The proposals, which include allowing bankers to earn dividends on share-based bonuses while they are deferred, are a sign of regulators responding to political pressure to support risk-taking and economic growth.
However, the BoE said it also planned to make bankers’ bonuses more closely tied to their supervisory requirements and whether they avoided “risk-management failures”.
Under the proposals set out by the BoE’s Prudential Regulation Authority, which supervises UK banks, rules would be simplified and reduced so that fewer bankers had restrictions on their pay and employers had more discretion over to whom they applied.
Bankers would also be able to receive some of their bonus in the first year, instead of having to wait three years, under the plans, which the PRA made jointly with its sister body, the Financial Conduct Authority.

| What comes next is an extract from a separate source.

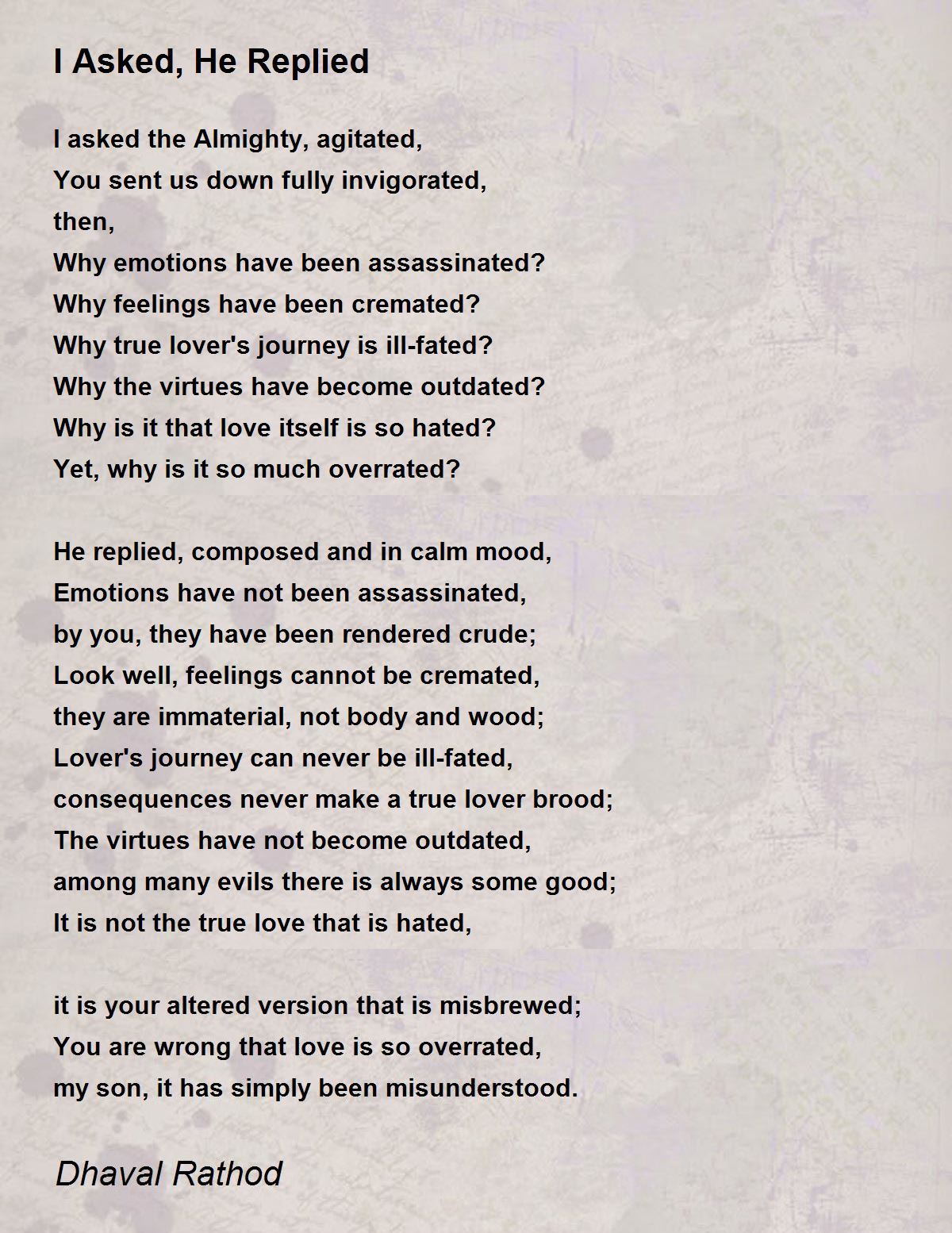 I asked the Almighty, agitated,

The regulators said the overall bonus deferral period would be shortened from seven to five years for the most senior executives and to four years for some others. Executives would also no longer have to wait an extra year to sell shares or other instruments they received in deferred bonuses.

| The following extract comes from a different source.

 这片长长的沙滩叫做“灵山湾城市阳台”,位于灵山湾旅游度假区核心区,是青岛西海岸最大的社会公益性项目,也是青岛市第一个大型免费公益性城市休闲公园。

The PRA said an analysis of past misconduct and risk-management failures at banks showed 70 per cent were discovered within four years of them happening.
The proposals would “support UK growth and competitiveness without undermining financial stability”, said PRA chief executive Sam Woods, who first outlined some of the changes last month.
He added that the changes — which are out to consultation until March 13 next year — would cut bureaucracy and support “responsible risk-taking” without returning to the “very dangerous pay structures” that were common before the 2008 financial crisis.
The FCA plans to remove some pay rules from its handbook that duplicate those of the PRA, which the regulators said would “help firms as they will largely only need to refer to one set of remuneration rules”.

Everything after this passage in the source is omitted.